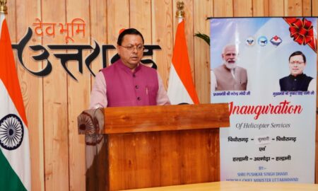 पिथौरागढ़-मुनस्यारी, हल्द्वानी-अल्मोड़ा हेली सेवाओं का मुख्यमंत्री ने किया शुभारंभ दूरस्थ क्षेत्रों में आम नागरिकों को सुगम परिवहन होगा उपलब्ध : मुख्यमंत्री राज्य...
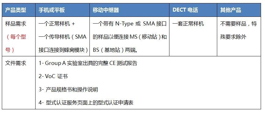 型式認(rèn)證的樣品和文件要求如下:
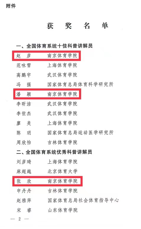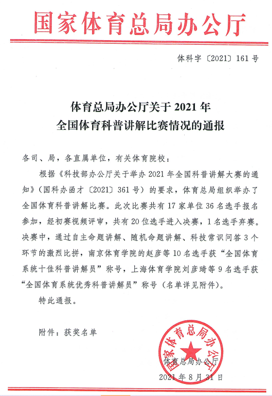 近日,国家体育总局公布了2021年全国体育科普讲解大赛的获奖名单,我校赵彦和潘颖老师获“全国体育系统十佳科普讲解员”称号,张欣老师获“全国体育系统优秀科普讲解员”称号。其中,赵彦老师将以2021年全国体育科普讲解大赛第一名的身份,代表国家体育总局参加2021年全国科普讲解大赛。
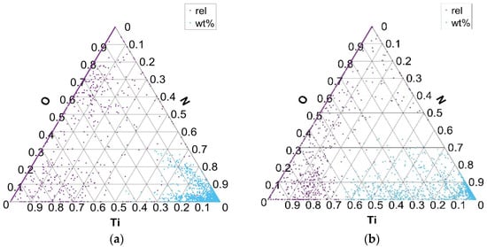 Figure 6 shows the distribution of the formed phases in the Ti–N–O ternary diagram for charges with added Ti (T1 with 0.018% Ti and T4 with 0.059% Ti). TiO and TiN inclusions are formed as part of the distribution of Ti, N, and O elements. The distribution of the formed phases between the Ti, N, and O elements, according to the composition of all analyzed inclusions, shows that inclusions are mainly formed in the corner of the N–Ti binary diagram. At higher Ti contents, the fraction of Ti in the TiN inclusions increases. In the charges where Ti was not added and its proportion in the steel is negligible (S1–S4), phases are formed in the area of the binary diagram O–N.
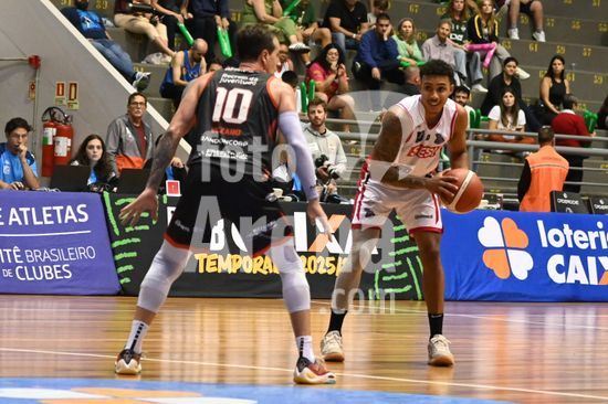 2871354 Imagens da partida de basquete entre o Caxias do Sul Basquete e o Franca, disputada no Ginásio do SESI, válida pelo NBB 25/26. Caxias do Sul, RS (21).
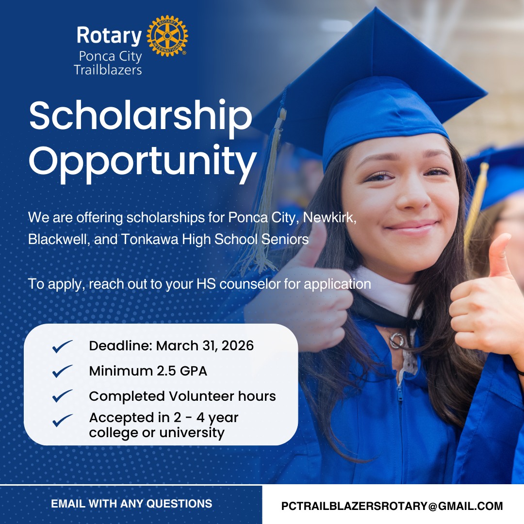 The Ponca City Trailblazers Rotary Club is proud to award five scholarships to graduating seniors who live out Service Above Self through leadership, kindness, and community involvement.
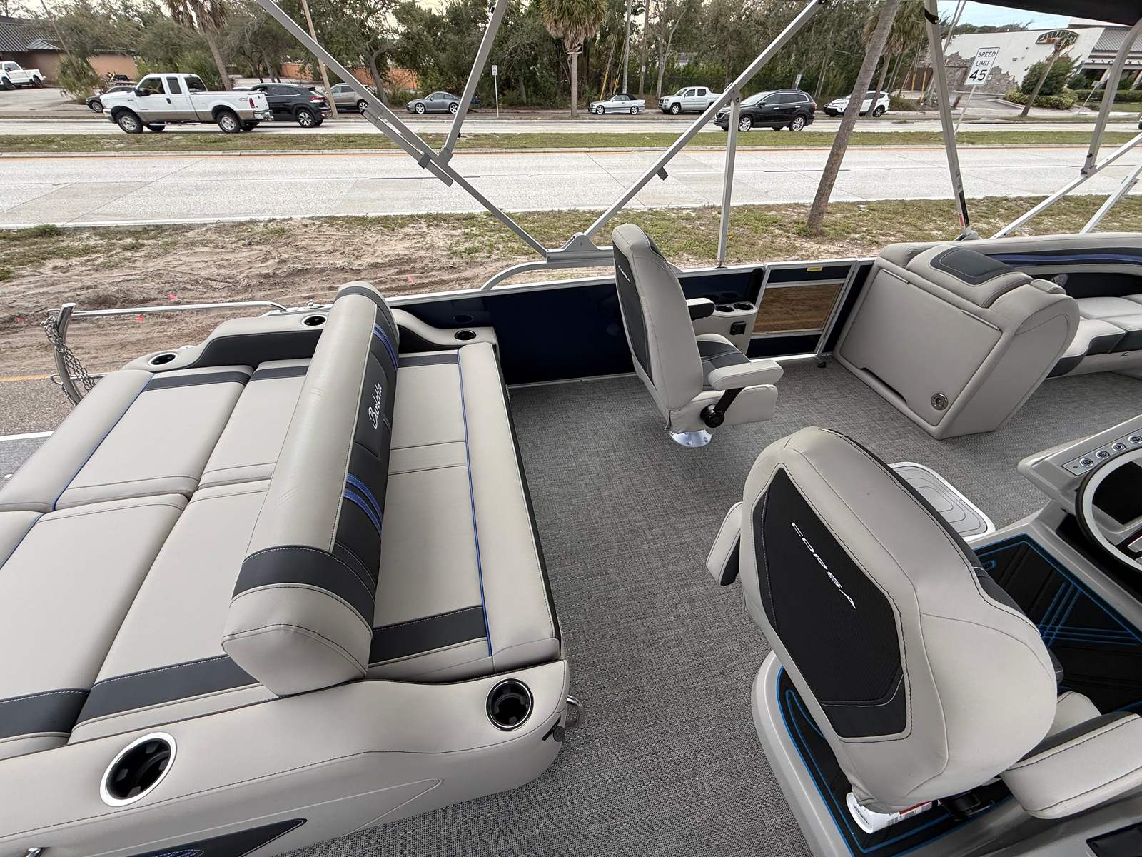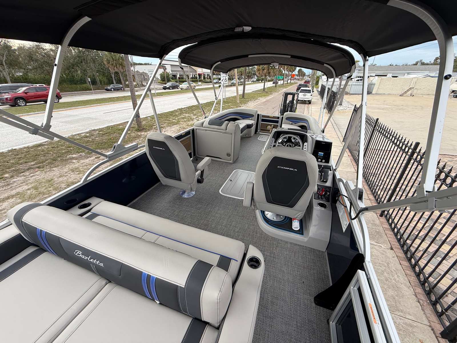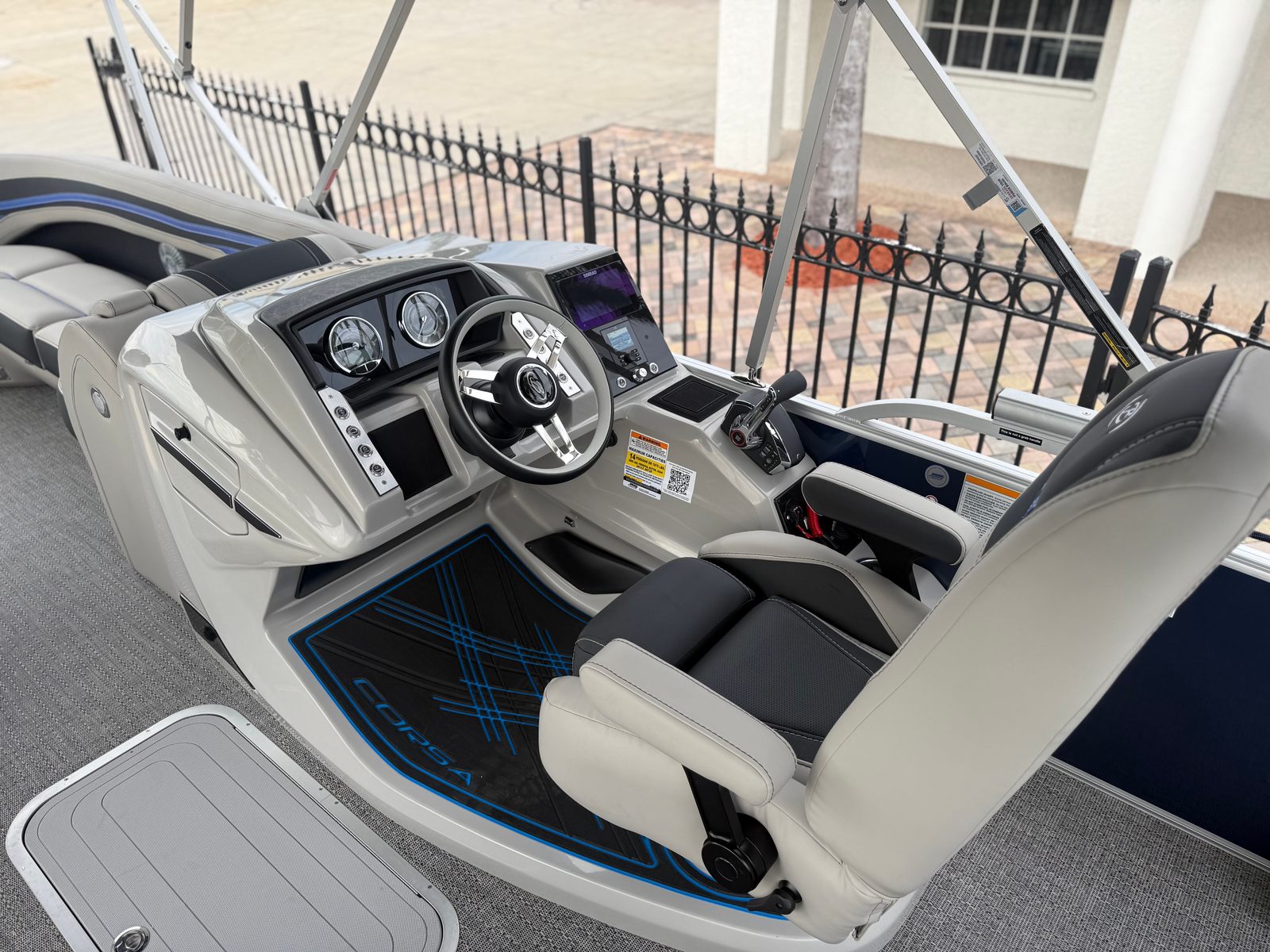 The Barletta Corsa 25UC is packed with premium features designed to elevate your boating experience. The double bimini setup, including an additional power bimini, provides ample shade and protection from the sun, allowing you to relax in comfort no matter the weather. The onboard battery charger with two batteries ensures reliable power for all your electronics and accessories, so you can stay connected and entertained on the water.The Coastal Edition Corsa package enhances the boat’s versatility and durability, making it ideal for a wide range of environments. The combination of Blue Sapphire and Winter White Railskin colors, along with the Marquesan Gray furniture and Amore Gray flooring, creates a cohesive and inviting atmosphere that’s perfect for socializing, lounging, or celebrating special occasions.
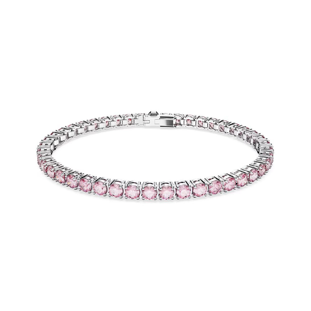 Enjoy the glimmer of rich color with this Bracelets from the Matrix Tennis family. In perfectly formed fluidity, the design features a row of round purplish pink stones on a rhodium plated setting for a combination that is truly alluring. Wear it alone, or pair it with other pieces from the Matrix Tennis family.
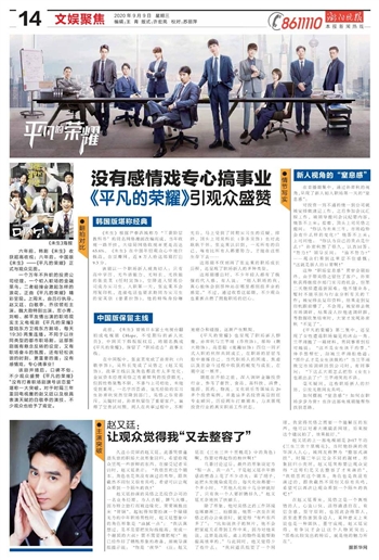 久违小荧屏的赵又廷,此番凭借邋遢失意的职场大叔形象回归,希望给观众呈现一些新鲜的东西。在接受记者采访时,赵又廷表示:“我很喜欢这个剧本,角色也是我没有演过的类型,跟我截然不同但又很有共鸣,希望可以让观众看到一个陌生的我!”
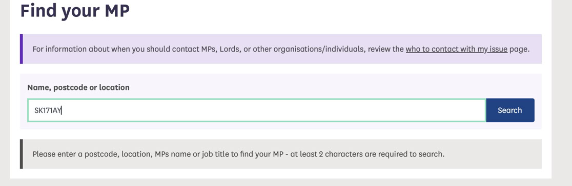 To find your MP Use the LINK - This will open a new page where you will see Box 1
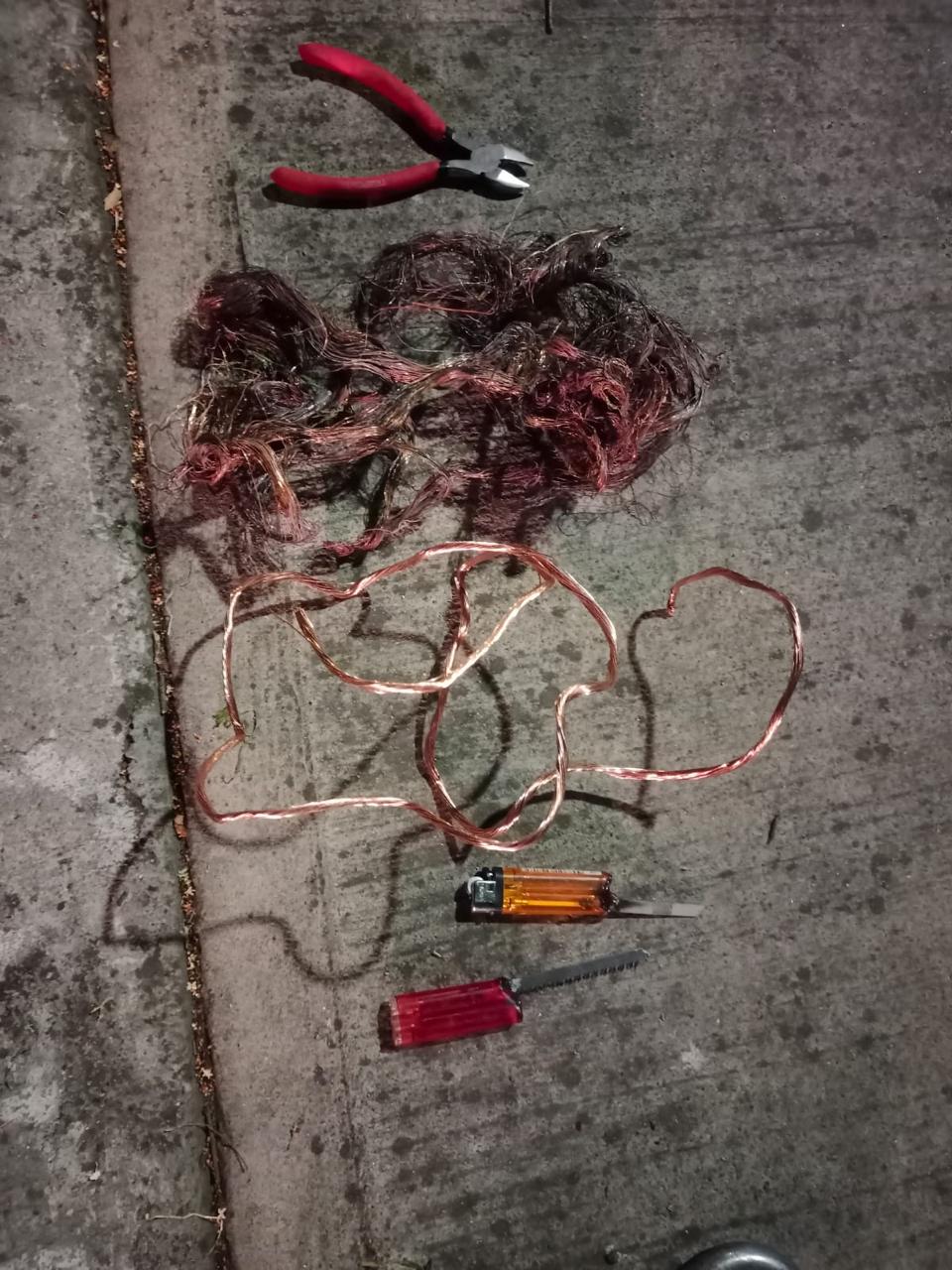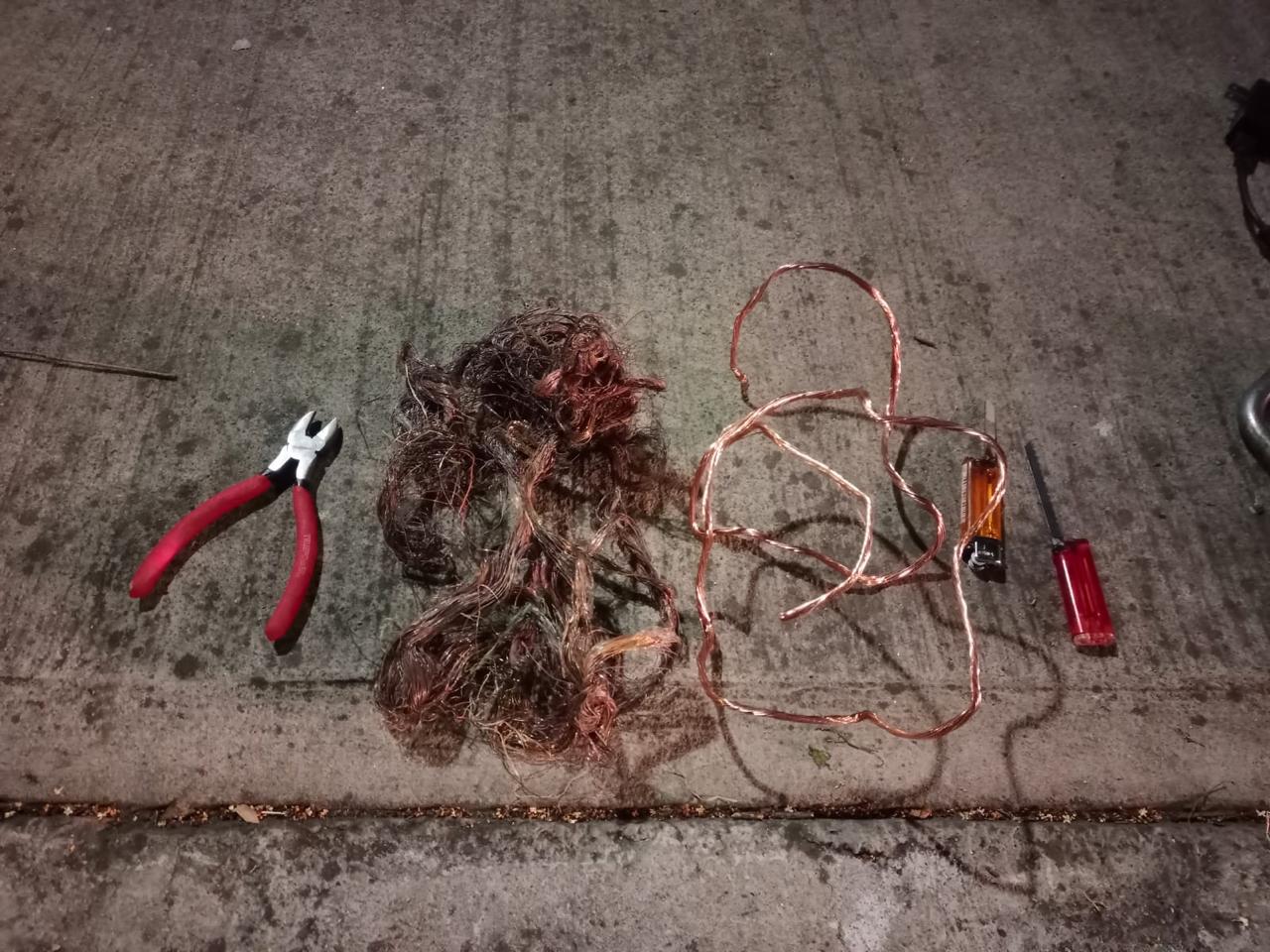 Enseguida los oficiales auxiliares se dirigieron al lugar, quienes observaron a un individuo que al notar la presencia policíaca se puso nervioso e intentó huir, sin embargo los efectivos impidieron esta acción y al realizarle una revisión preventiva le encontraron 5 metros aproximadamente de cable de cobre, dos navajas caseras y unas pinzas metálicas.
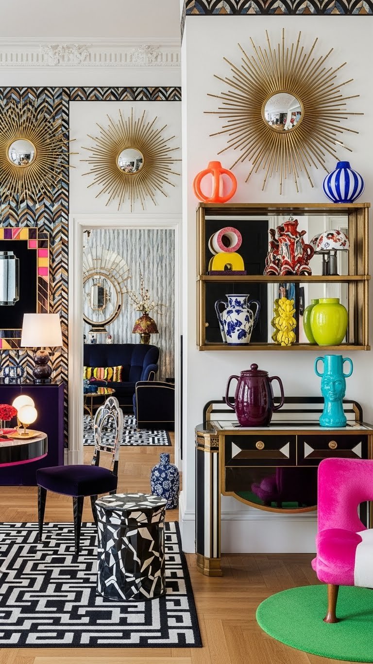 If you want a standout January refresh, blend Art Deco’s geometric glamour with Postmodern whimsy to create a layered, unexpected look. Mix mirrored sunbursts, bold inlays, and sculptural ceramics with playful shapes and lacquered pops. You’ll tap geometric glamour and neon nostalgia while keeping spaces open and liberated.
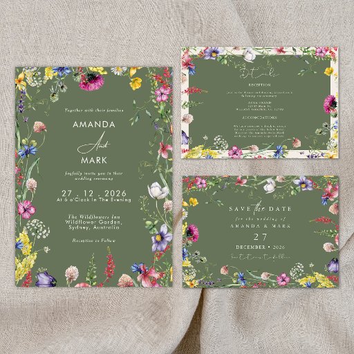 Spring Boho Chic Colorful Wildflower Wedding Invitation

### TASK REQUIREMENTS
Repeat every entry above exactly as written and omit any pictures it holds.

### TASK OUTPUT
 पिथौरागढ़-मुनस्यारी, हल्द्वानी-अल्मोड़ा हेली सेवाओं का मुख्यमंत्री ने किया शुभारंभ दूरस्थ क्षेत्रों में आम नागरिकों को सुगम परिवहन होगा उपलब्ध : मुख्यमंत्री राज्य...
 型式認(rèn)證的樣品和文件要求如下:
 近日,国家体育总局公布了2021年全国体育科普讲解大赛的获奖名单,我校赵彦和潘颖老师获“全国体育系统十佳科普讲解员”称号,张欣老师获“全国体育系统优秀科普讲解员”称号。其中,赵彦老师将以2021年全国体育科普讲解大赛第一名的身份,代表国家体育总局参加2021年全国科普讲解大赛。
 Figure 6 shows the distribution of the formed phases in the Ti–N–O ternary diagram for charges with added Ti (T1 with 0.018% Ti and T4 with 0.059% Ti). TiO and TiN inclusions are formed as part of the distribution of Ti, N, and O elements. The distribution of the formed phases between the Ti, N, and O elements, according to the composition of all analyzed inclusions, shows that inclusions are mainly formed in the corner of the N–Ti binary diagram. At higher Ti contents, the fraction of Ti in the TiN inclusions increases. In the charges where Ti was not added and its proportion in the steel is negligible (S1–S4), phases are formed in the area of the binary diagram O–N.
 2871354 Imagens da partida de basquete entre o Caxias do Sul Basquete e o Franca, disputada no Ginásio do SESI, válida pelo NBB 25/26. Caxias do Sul, RS (21).
 The Ponca City Trailblazers Rotary Club is proud to award five scholarships to graduating seniors who live out Service Above Self through leadership, kindness, and community involvement.
 The Barletta Corsa 25UC is packed with premium features designed to elevate your boating experience. The double bimini setup, including an additional power bimini, provides ample shade and protection from the sun, allowing you to relax in comfort no matter the weather. The onboard battery charger with two batteries ensures reliable power for all your electronics and accessories, so you can stay connected and entertained on the water.The Coastal Edition Corsa package enhances the boat’s versatility and durability, making it ideal for a wide range of environments. The combination of Blue Sapphire and Winter White Railskin colors, along with the Marquesan Gray furniture and Amore Gray flooring, creates a cohesive and inviting atmosphere that’s perfect for socializing, lounging, or celebrating special occasions.
 Enjoy the glimmer of rich color with this Bracelets from the Matrix Tennis family. In perfectly formed fluidity, the design features a row of round purplish pink stones on a rhodium plated setting for a combination that is truly alluring. Wear it alone, or pair it with other pieces from the Matrix Tennis family.
 久违小荧屏的赵又廷,此番凭借邋遢失意的职场大叔形象回归,希望给观众呈现一些新鲜的东西。在接受记者采访时,赵又廷表示:“我很喜欢这个剧本,角色也是我没有演过的类型,跟我截然不同但又很有共鸣,希望可以让观众看到一个陌生的我!”
 To find your MP Use the LINK - This will open a new page where you will see Box 1
 Enseguida los oficiales auxiliares se dirigieron al lugar, quienes observaron a un individuo que al notar la presencia policíaca se puso nervioso e intentó huir, sin embargo los efectivos impidieron esta acción y al realizarle una revisión preventiva le encontraron 5 metros aproximadamente de cable de cobre, dos navajas caseras y unas pinzas metálicas.
 If you want a standout January refresh, blend Art Deco’s geometric glamour with Postmodern whimsy to create a layered, unexpected look. Mix mirrored sunbursts, bold inlays, and sculptural ceramics with playful shapes and lacquered pops. You’ll tap geometric glamour and neon nostalgia while keeping spaces open and liberated.
 Spring Boho Chic Colorful Wildflower Wedding Invitation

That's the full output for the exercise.